WHAT TO DO:
Quote the records exactly, starting at the first line and stopping after the line with "Ngày 26/3/2025 tự"; skip the pictures.

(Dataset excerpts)
__________________________________________________

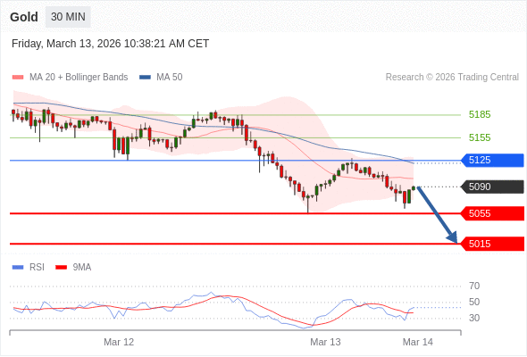 在 5125 之下,看跌,目标价位为 5055 ,然后为 5015 。
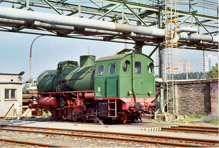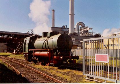 23.09.2004/ jm/ Auf dem Werksgelände wurde die letzte Dampfspeicherlok als Denkmal aufgestellt, nachdem im Mai 2003 der Einsatz der Dampfspeicherlokomotiven endete. Die neue minilok konnte nicht gesichtet werden.
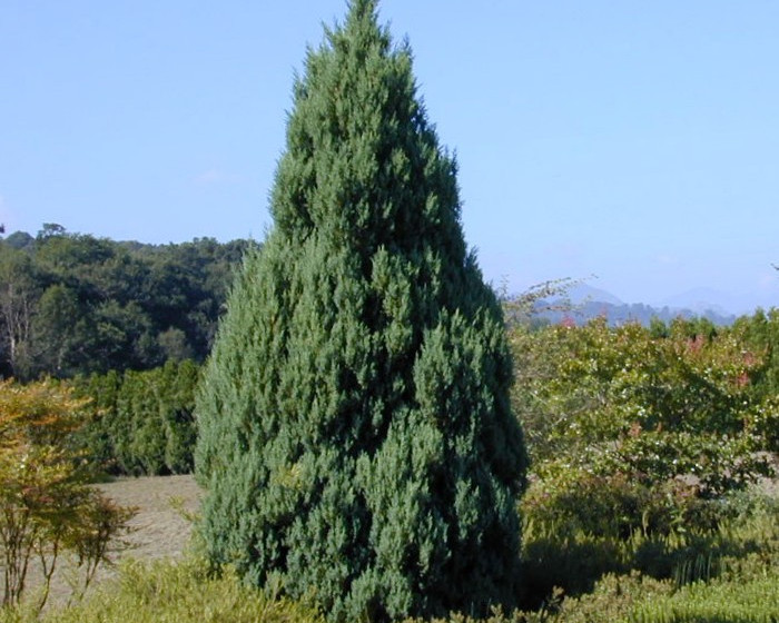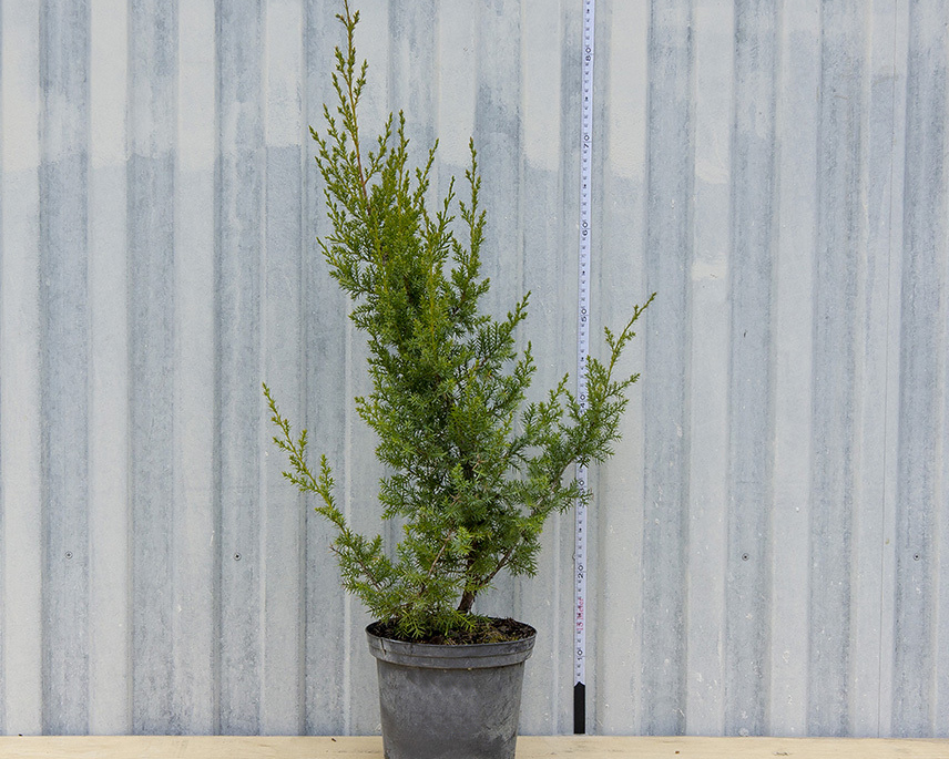 Можжевельник высокий, имеет достаточно простую форму кроны. У молодого растения крона коническая, но со временем она становится всё более и более широкой.
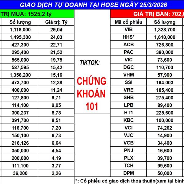Ngày 26/3/2025 tự doanh MUA ròng: -617.87 tỷ (bao gồm khớp lệnh và thỏa thuận)
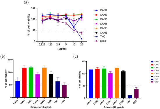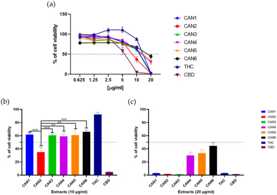 In contrast, a significant decrease in cell viability was observed when pure THC and CBD were used, resulting in a loss of cell viability to 11.7% and 37,5%, respectively, at 20 µg/mL (Figure 5c). Full data evaluating statistically significant differences between the samples are shown in Supplementary Materials, Tables S7 and S8.

__________________________________________________

EXERCISE ANSWER:
 在 5125 之下,看跌,目标价位为 5055 ,然后为 5015 。
 23.09.2004/ jm/ Auf dem Werksgelände wurde die letzte Dampfspeicherlok als Denkmal aufgestellt, nachdem im Mai 2003 der Einsatz der Dampfspeicherlokomotiven endete. Die neue minilok konnte nicht gesichtet werden.
 Можжевельник высокий, имеет достаточно простую форму кроны. У молодого растения крона коническая, но со временем она становится всё более и более широкой.
Ngày 26/3/2025 tự doanh MUA ròng: -617.87 tỷ (bao gồm khớp lệnh và thỏa thuận)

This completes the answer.